The context: According to meeting minutes from the monetary policy board’s meeting on 15 and 16 June, ahead of the decision to hold interest rates steady, “members noted the implications of persistently weak productivity growth for the economy’s supply capacity and sustainable growth rate”.

While they all had different views to the extent that current capacity pressures are creating inflationary pressure, the members agreed that the direction of productivity growth is among the domestic risks to managing inflation.

National accounts data for the March quarter “revealed further weakness in economy-wide productivity growth”, which also meant that “growth in unit labour costs remained above its average over the inflation-targeting period”.

Short-term inflation expectations had increased in prior months following the impact of the US-Iran war and were “larger than would be expected from their past relationship with inflation and fuel prices”.

Meanwhile, while longer term measures are consistent with achieving the inflation target, “unions’ long-term inflation expectations were an exception, having picked up sharply in May”. This is consistent with the response to major post-Covid economic and supply chain disruptions in 2022.

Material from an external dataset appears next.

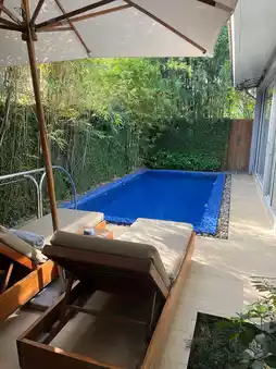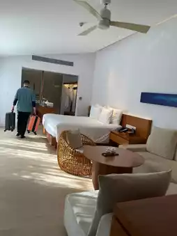๐ Our room was a villa with a private pool, and the three bedrooms were perfect for a family vacation. Each bedroom had its own large bed and private bathroom. The space was spacious, clean, and tidy, and it was really comfortable! The bed was soft and hard, and it was super comfortable to sleep on. The villa also had an area with a kitchen and living room, which was perfect for everyone to get together and eat and drink.

The members also noted the risk of a potentially material weakening in housing markets following three interest rate hikes earlier this year and the government’s tax changes if it leads to a slowing in consumption growth.

They flagged the set of risks associated with conflict in the Middle East as there are “credible scenarios for the evolution of the conflict that could result in higher inflation and lower activity than in the May baseline forecasts”.

There is also the potential for “sustained high oil prices to feed through more fully into price- and wage-setting behaviour, even if fuel prices subsequently abate”.